Multi-dimensional wave manipulation with 3D mechanical higher-order topological insulators

Abstract

High-order topological insulators (HOTIs) have emerged as a promising platform for controlling wave propagation and trapping due to their unique topological properties. In this study, we investigate the multi-dimensional manipulation of elastic waves in two types of 3D HOTIs induced by the Dirac hierarchy. These two types of 3D HOTIs are characterized by molecule-zigzag hinge configurations and armchair hinge configurations, both derived from a 3D stack-layered structure featuring an eightfold-degenerate Dirac cone (DC). By gradually introducing alternating interlayer couplings in the vertical direction, varying the intercell and intracell couplings in the horizontal plane, and breaking mirror symmetry, we lift the eightfold-degenerate DC and construct the 3D mechanical HOTI with molecule-zigzag hinge configurations.

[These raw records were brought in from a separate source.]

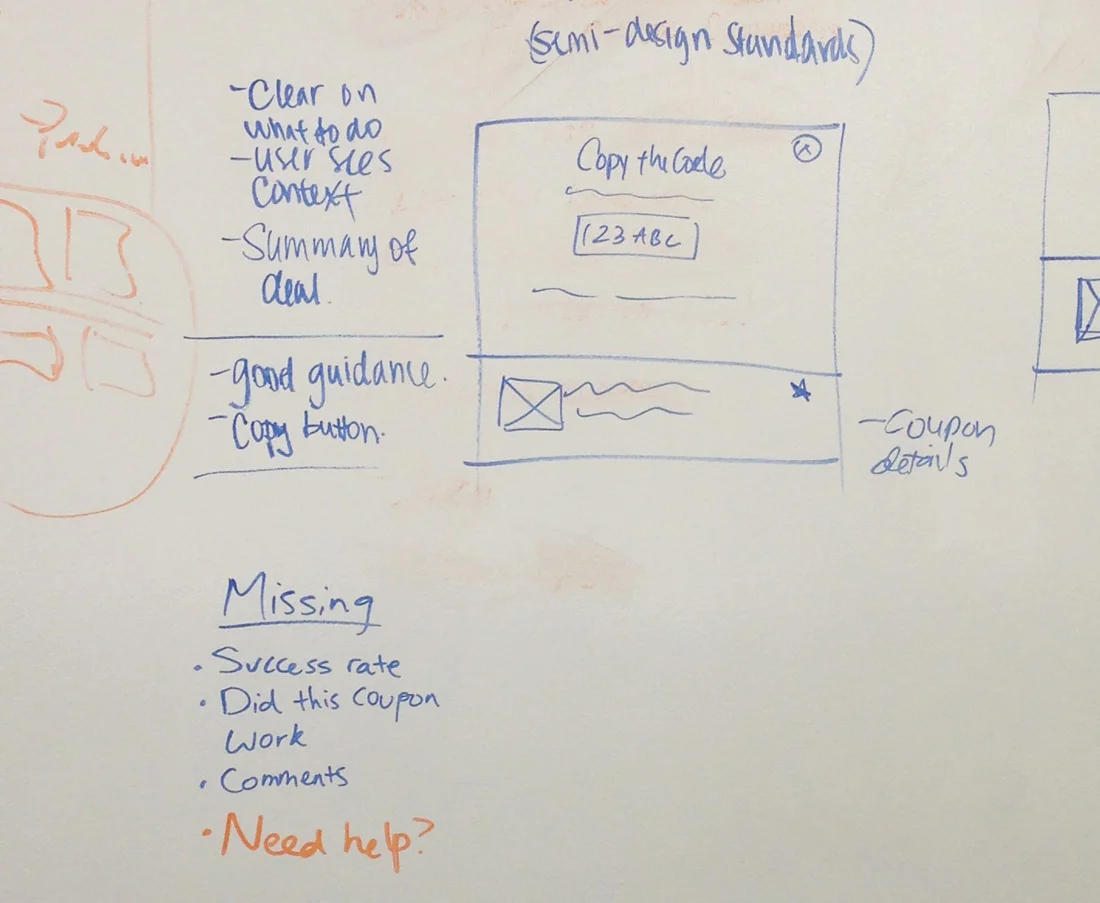 During this phase, we also worked with our product manager to brainstorm new elements to potentially include on the redesigned offer pages. With additional elements, we hoped to prolong a user's time spent on the RetailMeNot site, or get them to return post coupon redemption.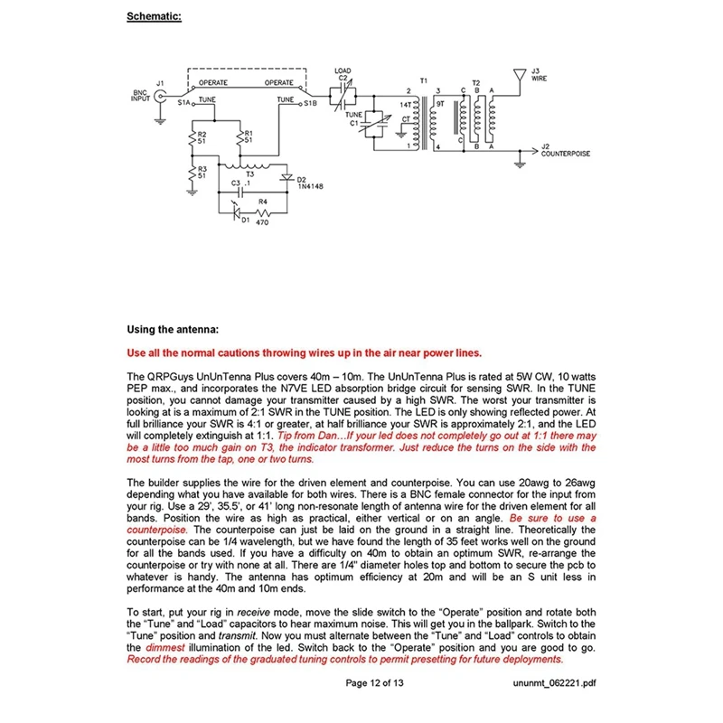 La sección del sintonizador se basa en el circuito diseñado por Charlie Lofgren, W6JJZ, que también incorpora el indicador LED Dan Tayloe (N7VE) SWR. El circuito fue diseñado por primera vez para el Norcal QRP Club. Tiene una potencia de 10 vatios PEP y utiliza un balun de voltaje integral de 9: 1 que combina su entrada de impedancia desequilibrada de 50 ohmios con un cable largo desequilibrado de impedancia de 450 ohmios.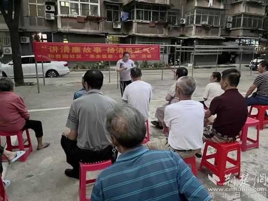 傍晚時(shí)分,身處湖濱花園小區(qū)的“和悠然 慢生活”休閑廣場,第二黨支部書記呂培根分享了《留得清氣滿乾坤》廉潔故事匯中的周恩來廉潔自律的故事。他勸誡領(lǐng)導(dǎo)干部們,要想成功度過思想、政治、社會、親屬和生活的五道關(guān)口,就必須堅(jiān)守共產(chǎn)黨員的政治操守和優(yōu)良作風(fēng)。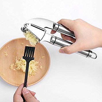 RELIABLE AND DURABLE; Garlic mincer is 100% stainless steel; Cleans up in a snap, just clean under running water or in the top rack of dishwasher. And we have a brush to help you clean up the residue.

Remarkably, the realization of 3D mechanical HOTIs with armchair hinge configurations does not require breaking mirror symmetry. Both of these 3D mechanical HOTIs exhibit intriguing hierarchical topological states, including surface states, hinge states, and corner states. Our findings provide new insights into the manipulation of elastic waves and offer potential applications in robust waveguiding, vibration signal processing and energy harvesting.